## Task requirements
Without including any pictures, write out the listing below exactly.

## Source data
-- -- --

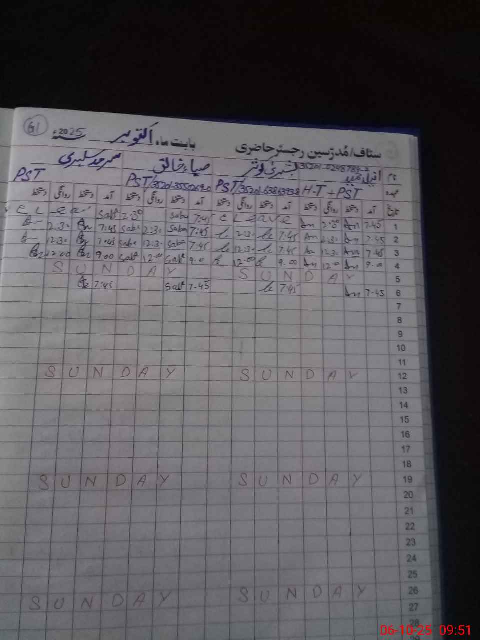 | Name: AN**** HA**** Designation: (School Headmaster's/Headmistress's) PST Phone/Cell Number: 03**** |
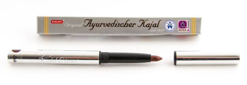 Unsere ayurvedischen Kajals werden nach den naturreinen Prinzipien des Ayurveda in Indien hergestellt und sind frei von chemischen Zusatzstoffen. Sie sind sehr ergiebig, glänzend und schmieren nicht. Sie kühlen und beruhigen müde Augen. Dies ist auch der Grund, warum Kajals in Indien selbst für Babys benutzt werden. Sie schützen und haben somit einen wohltuenden Effekt für die Augen. Der schwarze Kajal aus unserer Serie ist besonders für sensible Augen geeignet.
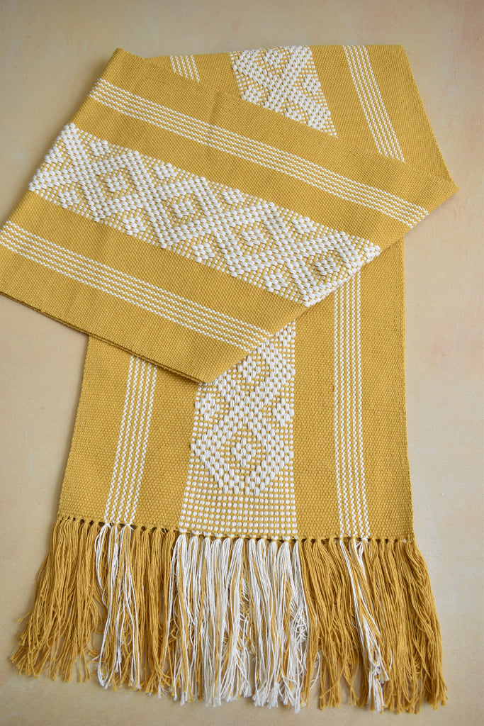 112” X 14” MUSTARD BEAUTIFULLY DETAILED TABLE RUNNER
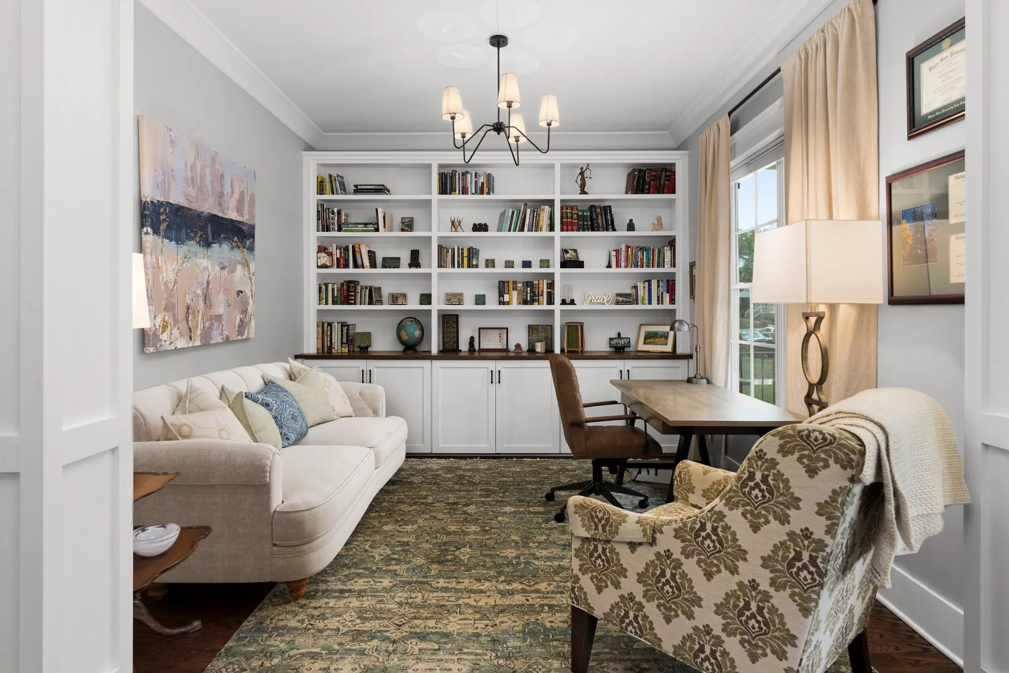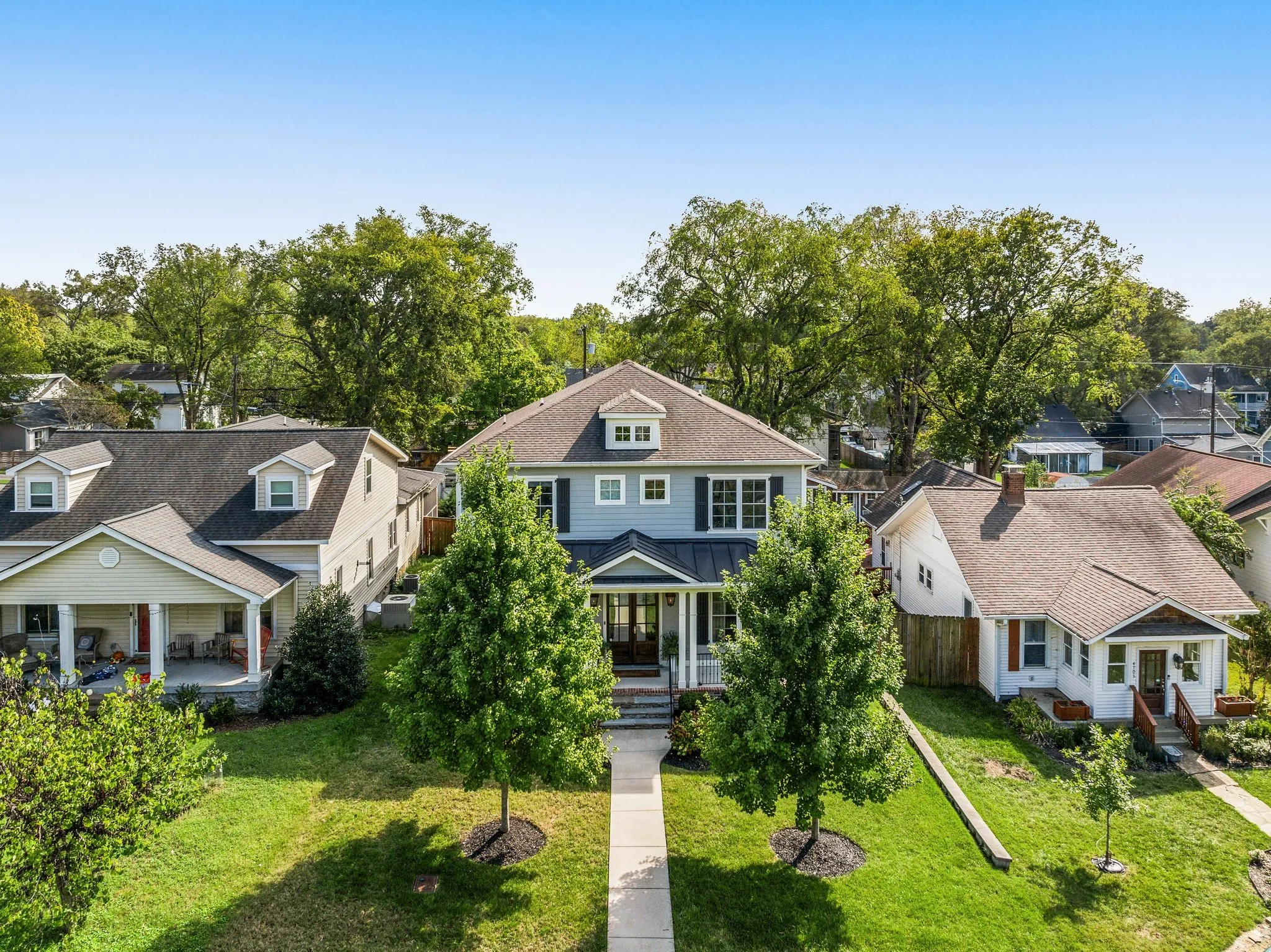 This stunning craftsman home in coveted Sylvan Park is just minutes from downtown Nashville, and perfectly situated to fine dining, McCabe Park and Golf Course, and shopping. Step through the grand entrance and the perfect blend of modern comforts melded with subtle vintage aesthetics is on full display in the versatile living spaces, all illuminated by natural light rushing in through oversized windows with custom shades. The luxury kitchen boasts quartz countertops, double ovens, and ceiling-high cabinets with glass displays for ample storage. Outdoors, relax in the evenings on an oversized screened-in porch overlooking the curated landscapes with a fenced-in private yard. The 3-car garage features a finished DADU (note this offers an additional 565 sq ft more than the advertised main-house square footage) with exterior stairs High-end finishes include custom built-in bookshelves, custom trim throughout, Stair Tread lighting, reading lights in the primary suite, epoxy garage floors, irrigation system, and fresh landscaping.

-- -- --

## Answer to this problem
 | Name: AN**** HA**** Designation: (School Headmaster's/Headmistress's) PST Phone/Cell Number: 03**** |
 Unsere ayurvedischen Kajals werden nach den naturreinen Prinzipien des Ayurveda in Indien hergestellt und sind frei von chemischen Zusatzstoffen. Sie sind sehr ergiebig, glänzend und schmieren nicht. Sie kühlen und beruhigen müde Augen. Dies ist auch der Grund, warum Kajals in Indien selbst für Babys benutzt werden. Sie schützen und haben somit einen wohltuenden Effekt für die Augen. Der schwarze Kajal aus unserer Serie ist besonders für sensible Augen geeignet.
 112” X 14” MUSTARD BEAUTIFULLY DETAILED TABLE RUNNER
 This stunning craftsman home in coveted Sylvan Park is just minutes from downtown Nashville, and perfectly situated to fine dining, McCabe Park and Golf Course, and shopping. Step through the grand entrance and the perfect blend of modern comforts melded with subtle vintage aesthetics is on full display in the versatile living spaces, all illuminated by natural light rushing in through oversized windows with custom shades. The luxury kitchen boasts quartz countertops, double ovens, and ceiling-high cabinets with glass displays for ample storage. Outdoors, relax in the evenings on an oversized screened-in porch overlooking the curated landscapes with a fenced-in private yard. The 3-car garage features a finished DADU (note this offers an additional 565 sq ft more than the advertised main-house square footage) with exterior stairs High-end finishes include custom built-in bookshelves, custom trim throughout, Stair Tread lighting, reading lights in the primary suite, epoxy garage floors, irrigation system, and fresh landscaping.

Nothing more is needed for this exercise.